Spatial Harvesters

Overview and Configuration

The spatial extension provides some harvesters for importing ISO19139-based metadata into CKAN, as well as providing a base class for writing new ones. The harvesters use the interface provided by ckanext-harvest, so you will need to install and set it up first.

Once ckanext-harvest is installed, you can add the following plugins to your ini file to enable the different harvesters (If you are upgrading from a previous version to CKAN 2.0 see legacy_harvesters):

  • csw_harvester - CSW server
  • waf_harvester - WAF (Web Accessible Folder): An online accessible index page with links to metadata documents
  • doc_harvester - A single online accessible metadata document.
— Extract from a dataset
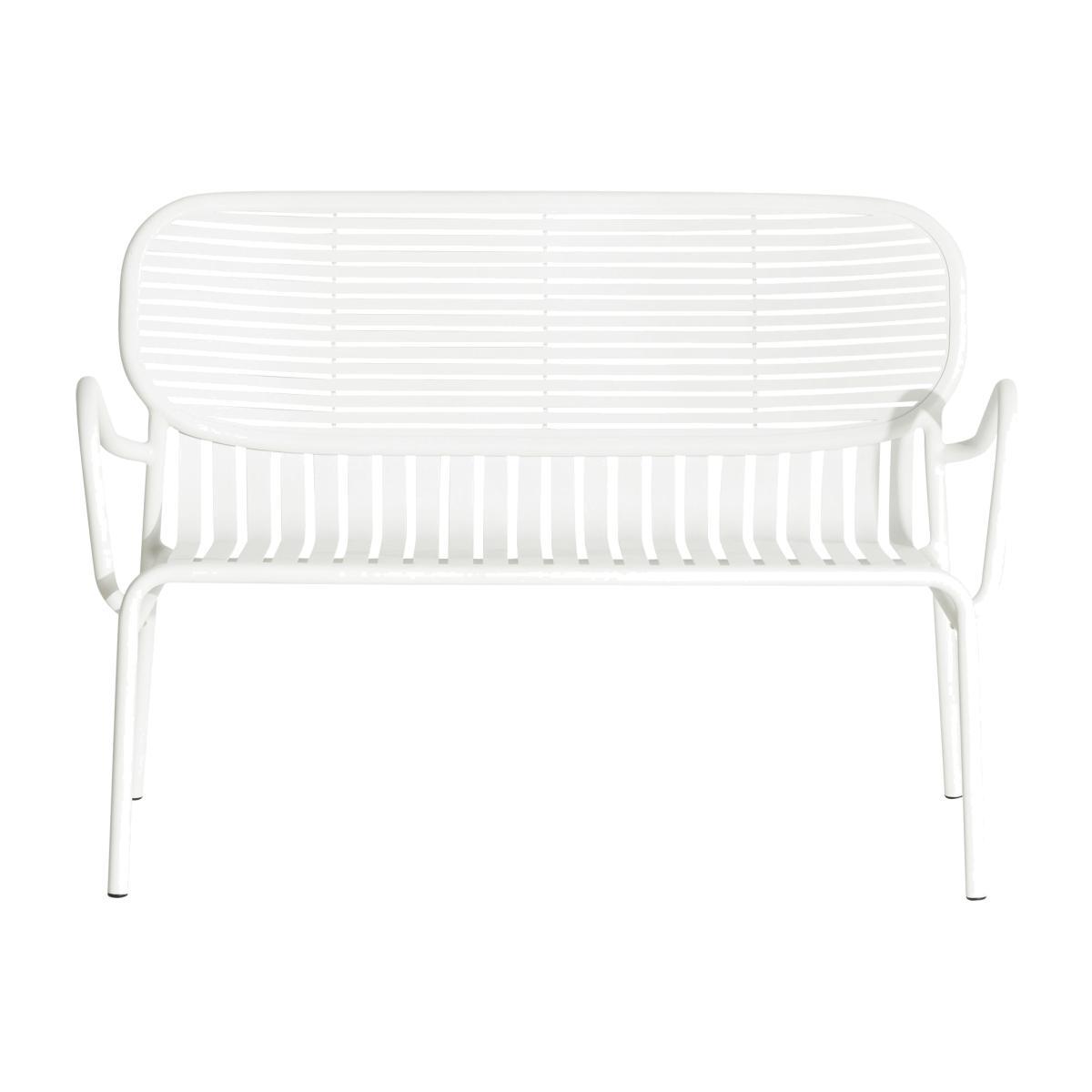 Cheerful, colourful and graphic, the Week-End collection brings life to your garden! This aluminium furniture is light, mobile and handy: a perfect collection for creating a modern outdoor lounge or nice dining area on a terrace or in a kitchen. The Week-End collection was designed by the French studio Brichet. Ziegler. The oval, encircled shape creates the backrests so that they become a graphic sign. The work of the horizontal and vertical slats, like stripes, emphasises the full and empty spaces, affirming the collection’s identity. As pretty as it is functional, the Week-End collection is designed for practical use: all the seats are stackable. The ergonomic shapes are all about user comfort and their individual postures. Can be accessorised with 2 LARGE seat cushions.

Have a look at the ckanext-harvest documentation if you want to have an overview of how the CKAN harvesters work, but basically there are three separate stages:

  • gather_stage - Aggregates all the remote identifiers for a particular source (eg identifiers for a CSW server, files for a WAF).
  • fetch_stage - Fetches all the remote documents and stores them on the database.
  • import_stage - Performs all the processing for transforming the remote content into a CKAN dataset: validates the document, parses it, converts it to a CKAN dataset dict and saves it in the database.

The extension provides different XSD and schematron based validators, and you can also write your own (see Writing custom validators). You can specify which validators to use for the remote documents with the following configuration option:

ckan.spatial.validator.profiles = iso19193eden

By default, the import stage will stop if the validation of the harvested document fails. This can be modified setting the ckanext.spatial.harvest.continue_on_validation_errors to True. The setting can also be applied at the source level setting to True the continue_on_validation_errors key on the source configuration object.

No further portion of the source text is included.